**Work required**
You are asked to repeat the listing word for word and to leave out its pictures.

**Dataset records**
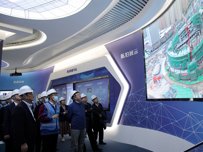 在项目现场,周纪昌、余海龙董事一行首先参观了兰州奥体科技展示馆、兰州奥体效果图和航拍展示,全面了解了智慧化管控平台运行和BIM+5G技术应用情况以及一场三馆及运动员公寓的功能及意义。在施工现场,两位董事查看了项目施工情况,听取了项目负责人对进度、安全、质量、新技术应用等方面情况的汇报,并在现场召开了调研座谈会。
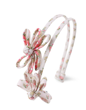 LUQUIER DOUBLE HEADBAND WITH FABRIC FLOWER ACCENTS
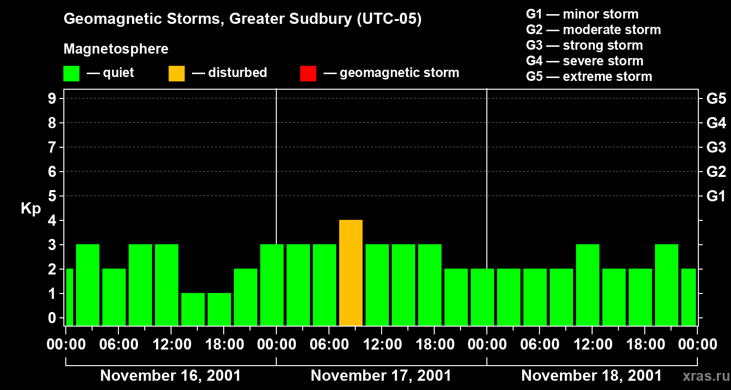 Geomagnetic storms in Greater Sudbury on Nov 18, 2001
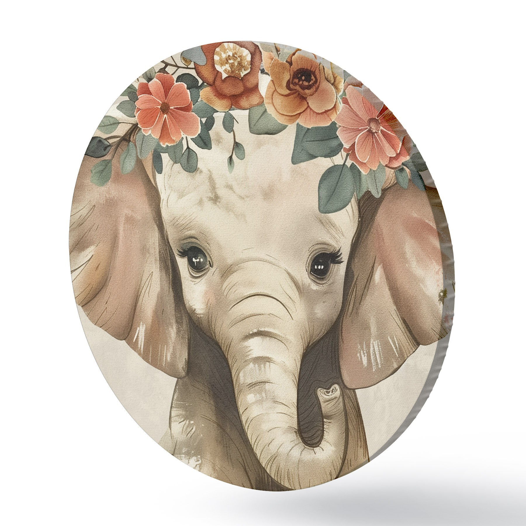 Runde Gemälde Niedlicher Aquarell-Elefant mit Blumen r45330
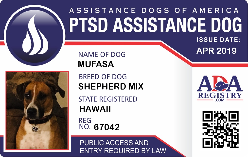 PTSD Assistance Dog Registration for Mufasa

**Answer to this task**
 在项目现场,周纪昌、余海龙董事一行首先参观了兰州奥体科技展示馆、兰州奥体效果图和航拍展示,全面了解了智慧化管控平台运行和BIM+5G技术应用情况以及一场三馆及运动员公寓的功能及意义。在施工现场,两位董事查看了项目施工情况,听取了项目负责人对进度、安全、质量、新技术应用等方面情况的汇报,并在现场召开了调研座谈会。
 LUQUIER DOUBLE HEADBAND WITH FABRIC FLOWER ACCENTS
 Geomagnetic storms in Greater Sudbury on Nov 18, 2001
 Runde Gemälde Niedlicher Aquarell-Elefant mit Blumen r45330
 PTSD Assistance Dog Registration for Mufasa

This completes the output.